====== Given entries ======
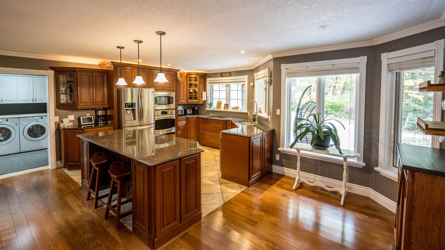 Custom built executive bungalow resting on 9. 7 acres backing onto endless trails and beach access via pinery park. This meticulously maintained 3600 sq ft. 4 bed/4 bath full brick house with an immaculate detached insulated heated shop creates the perfect experience of tranquility while maintaining the perfect location with all amenities within a short distance. The newer home features chef's kitchen & island with granite counter tops, main floor laundry, open concept kitchen and living room with a gas fireplace, alongside a generous sized master bedroom with; a 2nd gas fireplace, walk-in closet and vast en-suite bath with double vanity. Also features a stellar office, den (currently used as 5th bedroom), man cave of your dreams with; a walk-out seperate entrance, a kitchenette, pool table, wet bar, and 3rd gas fireplace which makes it perfect for an in-law suite. The property has endless parking, and plenty of room for all your rvs, boats, or atvs. Updates include brand new eavestroughs with leaf guards, front porch veka deck boards (better then composite), new rear and side stamped concrete decks, as well as celebright lights (lights built into the soffit that match any occasion) this home is perfect for the outdoor enthusiast, large families, atv/snowmobile/boat/rv owners or buyers just looking for premium privacy. You'll fall in the love the moment you arrive with the breath taking oak savannah canopies and vast assemblage of natural beauty and wildlife.
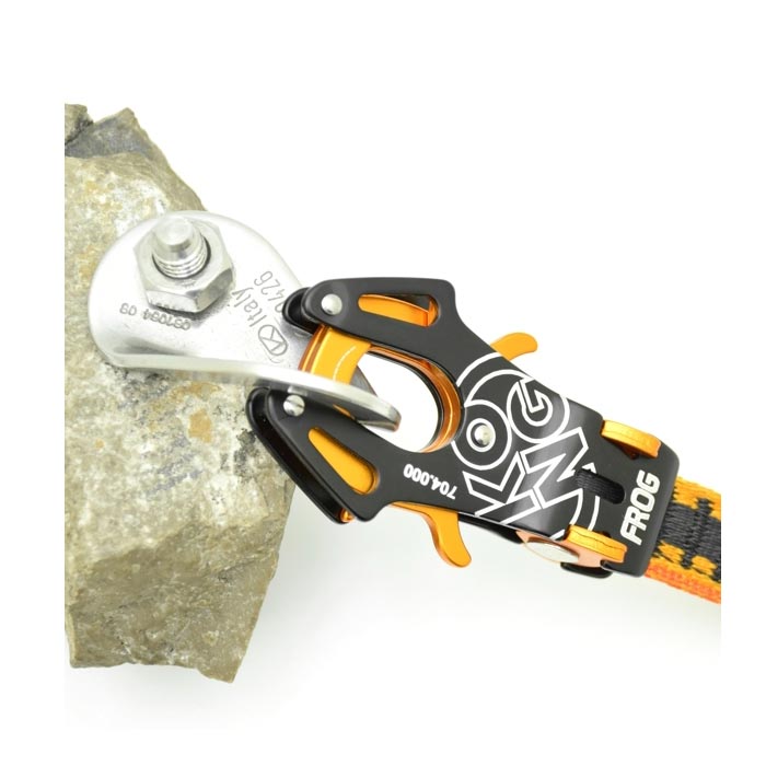 - fixer „Frog“ Karabiner mit smarten Mechanismus der ihn zuerst offen hält
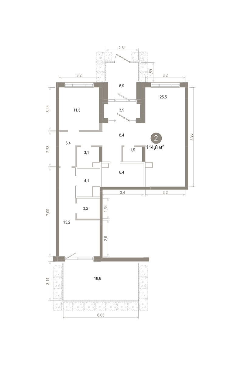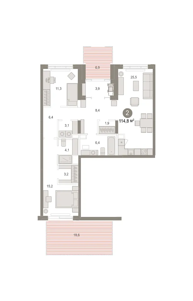 Количество комнат: 2, 114.83 кв.м.
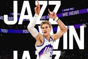 賽后爵士官方發(fā)布贏球海報,封面為馬爾卡寧,姿勢非常妖嬈。球隊另一內線努爾基奇則在社媒上轉發(fā)了這個海報。
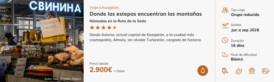 KAZAJISTÁN: Combina huellas del mundo nómada, ecos soviéticos y modernidad. Es una historia menos épica que la de Uzbekistán, pero con una personalidad singular.
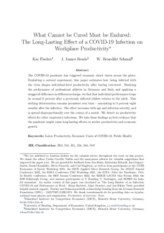 Fischer, K., Reade, J. J. orcid id iconORCID: https://orcid.org/0000-0002-8610-530X and Schmal, W. B. (2022) What cannot be cured must be endured: the long-lasting effect of a COVID-19 infection on workplace productivity. Labour Economics, 79. 102281. ISSN 0927-5371 doi: 10.1016/j.labeco.2022.102281
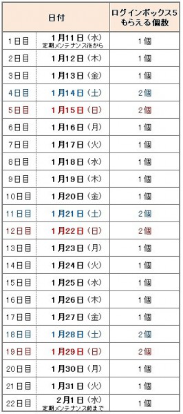 この「ログインボックス5」の中に入っているのは、お馴染みのアイテムだけではありません!
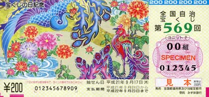「宝くじの日記念 第569回全国自治宝くじ」の発売予定額は100億円。1枚の価格は200円で、5,000万枚の発売です。発売期間は2009年9月2日 水曜日から9月15日 火曜日までとなっています。
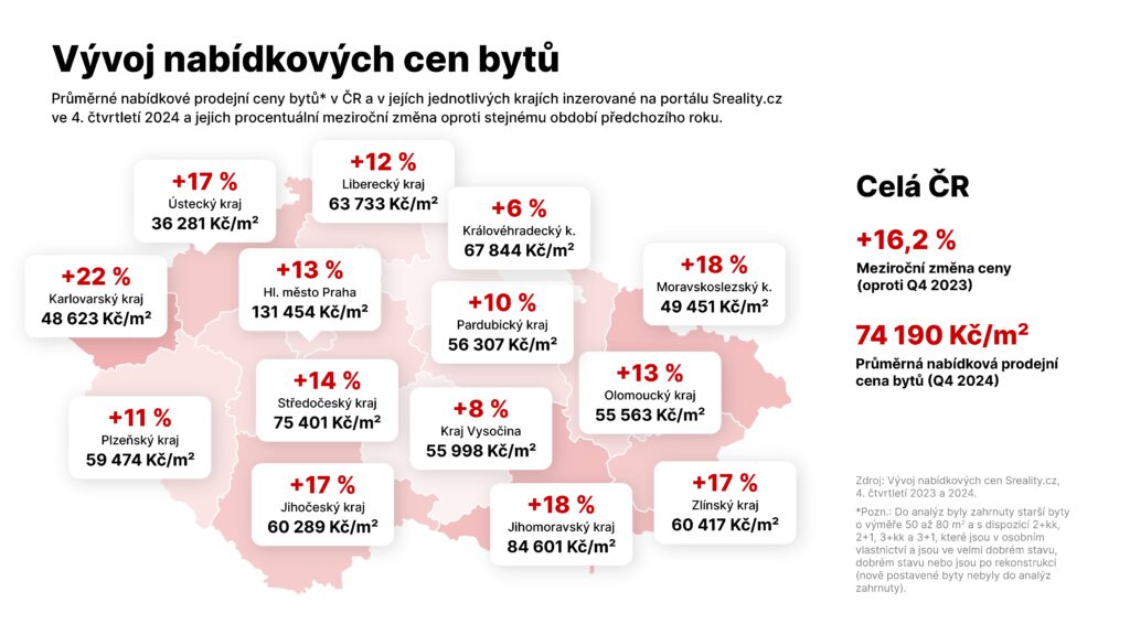 Rekordmanem je Karlovarský kraj, kde se nabídkové ceny meziročně navýšily o pětinu. Jihomoravský a Moravskoslezský kraj pak zaznamenly zdražení o 18 procent. Nejméně rostly ceny bytů v Královéhradeckém kraji (o šest procent) a na Vysočině (o osm procent). K propadu cen ovšem v žádném z krajů nedošlo.
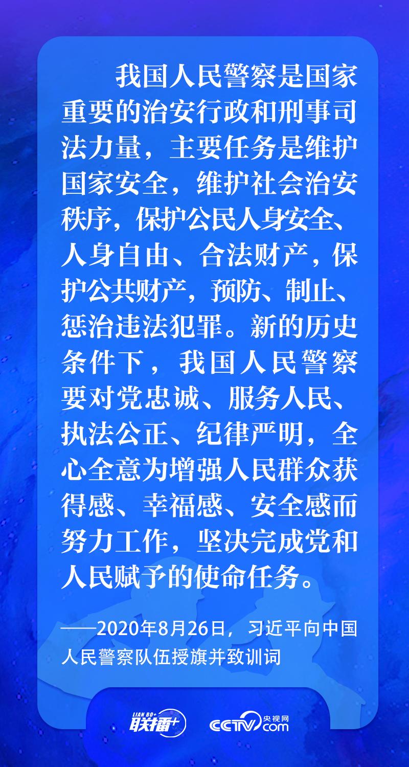 聯(lián)播+“中國人民警察節(jié)”前夕,習近平總書記代表黨中央,向全國人民警察致以節(jié)日祝賀和慰問,希望同志們矢志不渝做黨和人民的忠誠衛(wèi)士,為維護國家安全和社會穩(wěn)定再立新功。
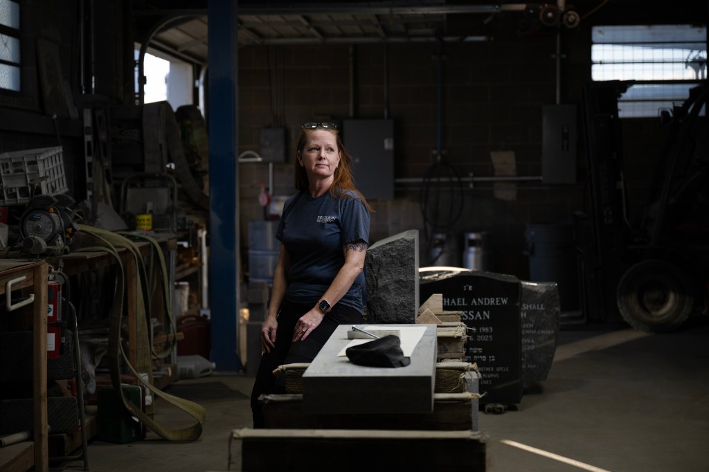 Justo al norte de SRM Concrete, en 1245 N. Quivas St., es donde se encontraban los Monumentos a Erickson. El sitio de Erickson Monuments, que ha operado en Denver durante cien años, fue comprado en 2024 por 4,7 millones de dólares como parte de una serie de adquisiciones de terrenos en Burnham Yard vinculadas a los Denver Broncos, que quieren construir un nuevo estadio en la zona. La propietaria del negocio en 1245 Quivas St. ahora está alquilando un terreno en 745 Vallejo St. y le preocupa tener que mudarse nuevamente. (Foto de Judith Kohler/The Denver Post)
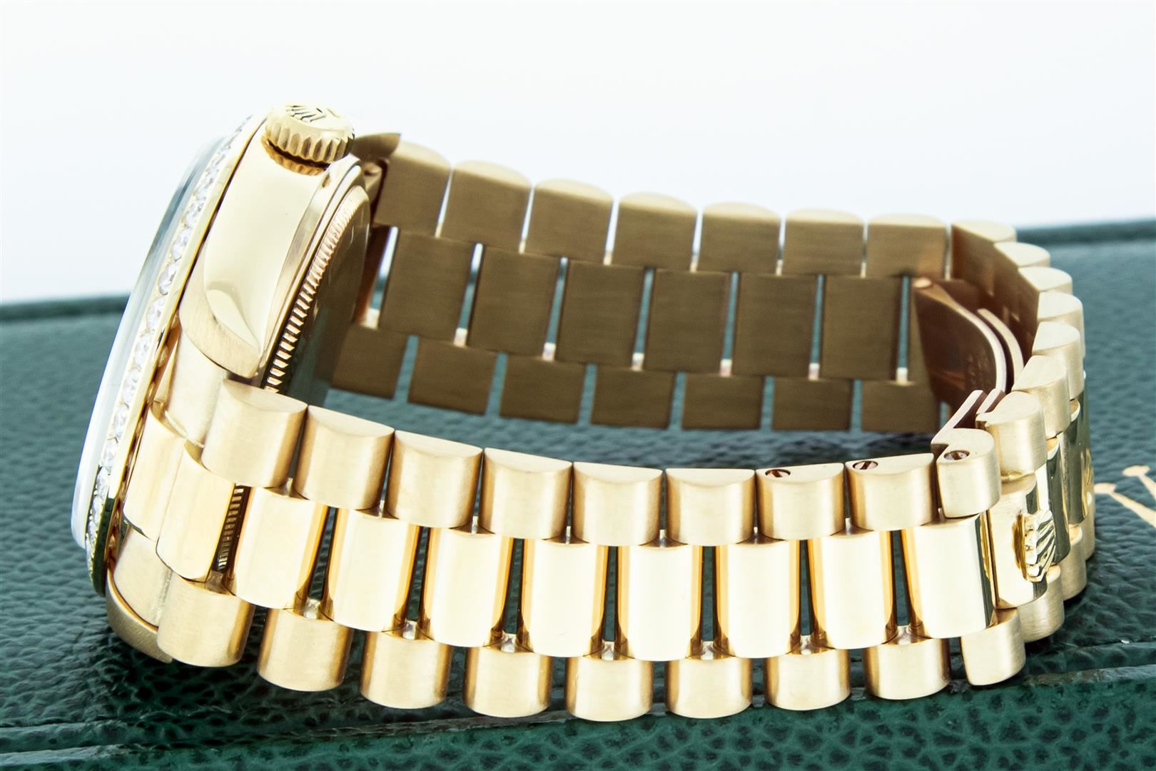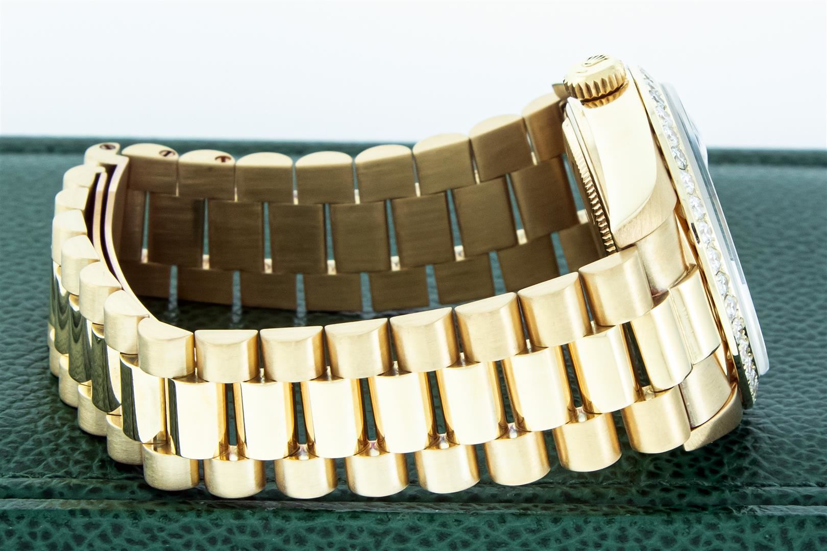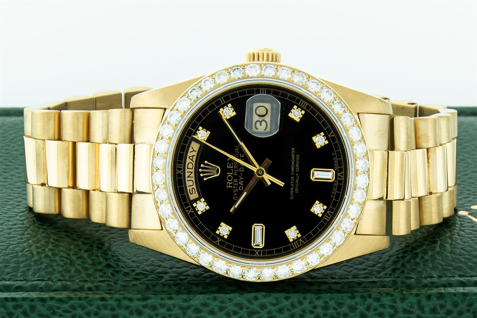 One Men's Rolex Day Date 18K Yellow Gold President Polished, Serviced & Electronically Tested, 18K Yellow Gold Case: 36mm, 18K Yellow Gold Crown, Custom Bezel: New 18K Yellow Gold 2.5ctw Beadset Diamond Bezel, Diamond Count: 42 Diamonds On Bezel. Total Bezel Weight 2.5 Carat, Clarity: SI-VS, Color: G to H. Custom Crystal: New Sapphire With Magnified Date Window. Rolex Movement: Automatic Winding Movement Caliber 3055. Custom Dial: Refinished To Black With Custom Added Diamond Hour Markers, Diamond Count: 8 Diamonds + 2 Diamond Baguettes, Color: G to H, Clarity: SI-VS. Date Window: 3 O'clock Position Date Display, Day Window: 12 O'clock Position Date Display. Quickset, Model: Day Date Quickset President. Condition: G-6 Extra Fine The Watch Is In Very Good Pre Owned Condition Free Of All Scratches And Dents. Bracelet: 18K Yellow Gold President Band. Bright Polish. 7.0 Inch Length, Standard Hidden President Clasp President Band, With Rolex Logo. This Watch Comes With A Rolex Box.
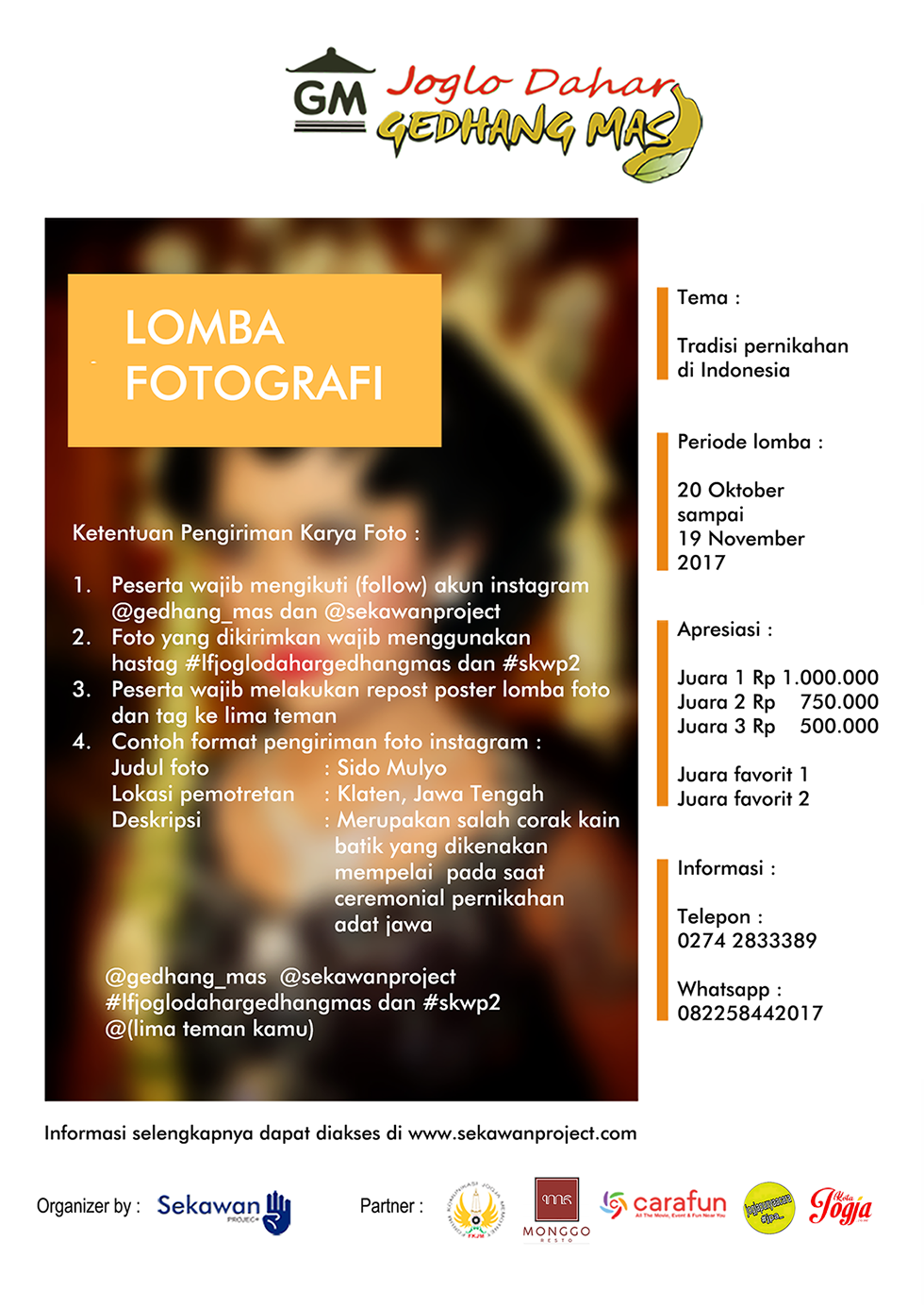 - Foto yang dikirimkan wajib menggunakan hastag #lfjoglodahargedhangmas dan #skwp2
======
**Work required:** Starting with the line that has "Количество комнат: 2, 114.83 кв.м." and going on through the line that has "この「ログインボックス5」の", transcribe the records above exactly, but skip the pictures.

**Answer for this exercise:**
 Количество комнат: 2, 114.83 кв.м.
 賽后爵士官方發(fā)布贏球海報,封面為馬爾卡寧,姿勢非常妖嬈。球隊另一內線努爾基奇則在社媒上轉發(fā)了這個海報。
 KAZAJISTÁN: Combina huellas del mundo nómada, ecos soviéticos y modernidad. Es una historia menos épica que la de Uzbekistán, pero con una personalidad singular.
 Fischer, K., Reade, J. J. orcid id iconORCID: https://orcid.org/0000-0002-8610-530X and Schmal, W. B. (2022) What cannot be cured must be endured: the long-lasting effect of a COVID-19 infection on workplace productivity. Labour Economics, 79. 102281. ISSN 0927-5371 doi: 10.1016/j.labeco.2022.102281
 この「ログインボックス5」の中に入っているのは、お馴染みのアイテムだけではありません!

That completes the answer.